Copyright © 2012 Jia Kang and Shazib Pervaiz. This is an open access article distributed under the Creative Commons Attribution License, which permits unrestricted use, distribution, and reproduction in any medium, provided the original work is properly cited.


Mitochondria are the main intracellular location for fuel generation; however, they are not just power plants but involved in a range of other intracellular functions including regulation of redox homeostasis and cell fate. Dysfunction of mitochondria will result in oxidative stress which is one of the underlying causal factors for a variety of diseases including neurodegenerative diseases, diabetes, cardiovascular diseases, and cancer.
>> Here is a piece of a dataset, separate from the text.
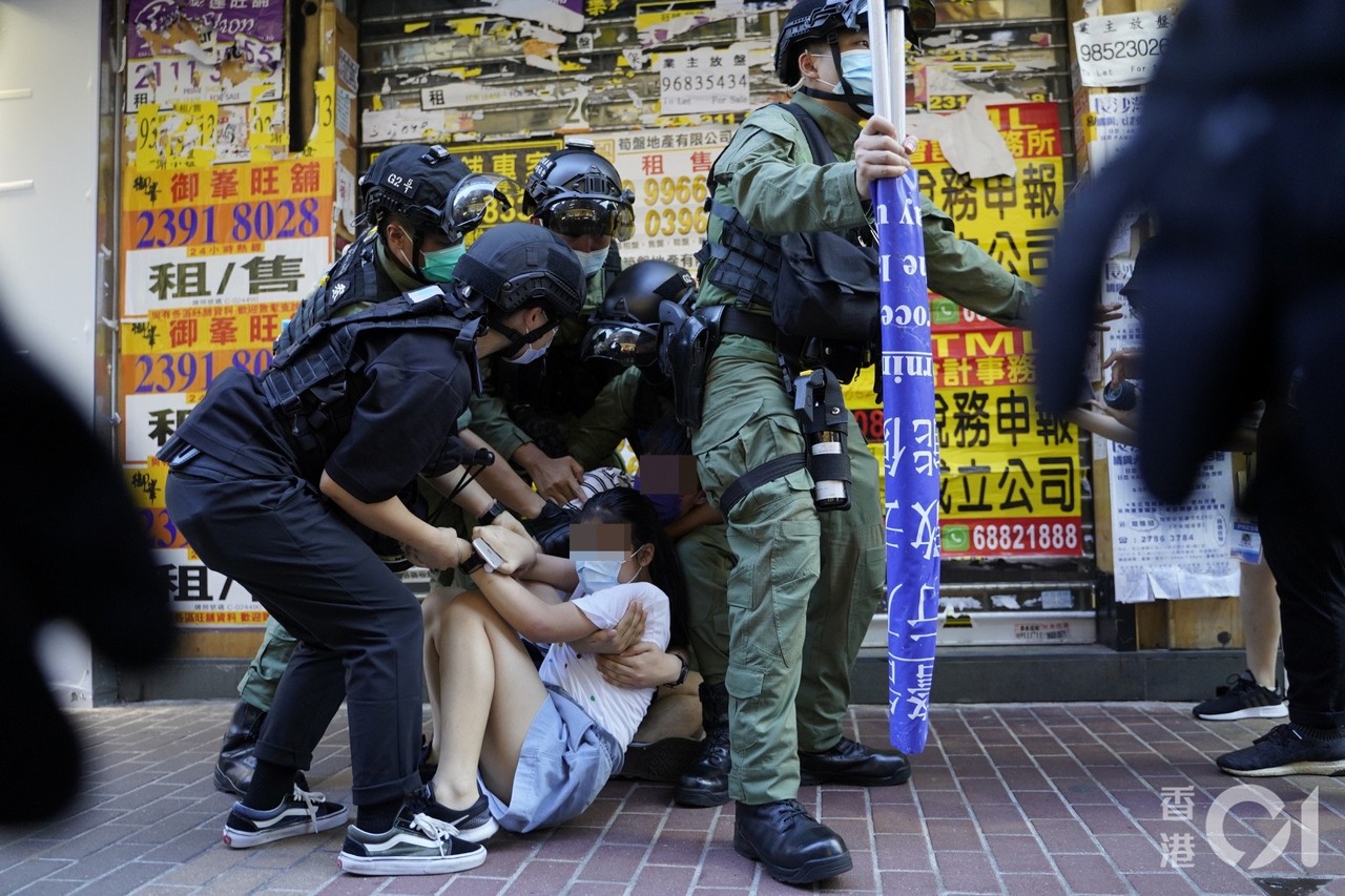 據記者現場目擊,下午4時許警方在西洋菜南街一帶執勤,並截停搜查在該處聚集的人士。未幾,警員向在場一名12歲少女指,要求截查她,該名少女未知是否受驚,突然向反方向逃跑。及後她被包抄的防暴警撲倒地上,並一度坐在其身上,其兄長曾嘗試走近上前拉住少女,惟不成功一同被捕。其後在場人士鼓譟不滿,並指罵在場警員。

In this paper, generation of reactive oxygen/nitrogen species (ROS/RNS) in the mitochondria, redox regulatory roles of certain mitochondrial proteins, and the impact on cell fate will be discussed. The current state of our understanding in mitochondrial dysfunction in pathological states and how we could target them for therapeutic purpose will also be briefly reviewed.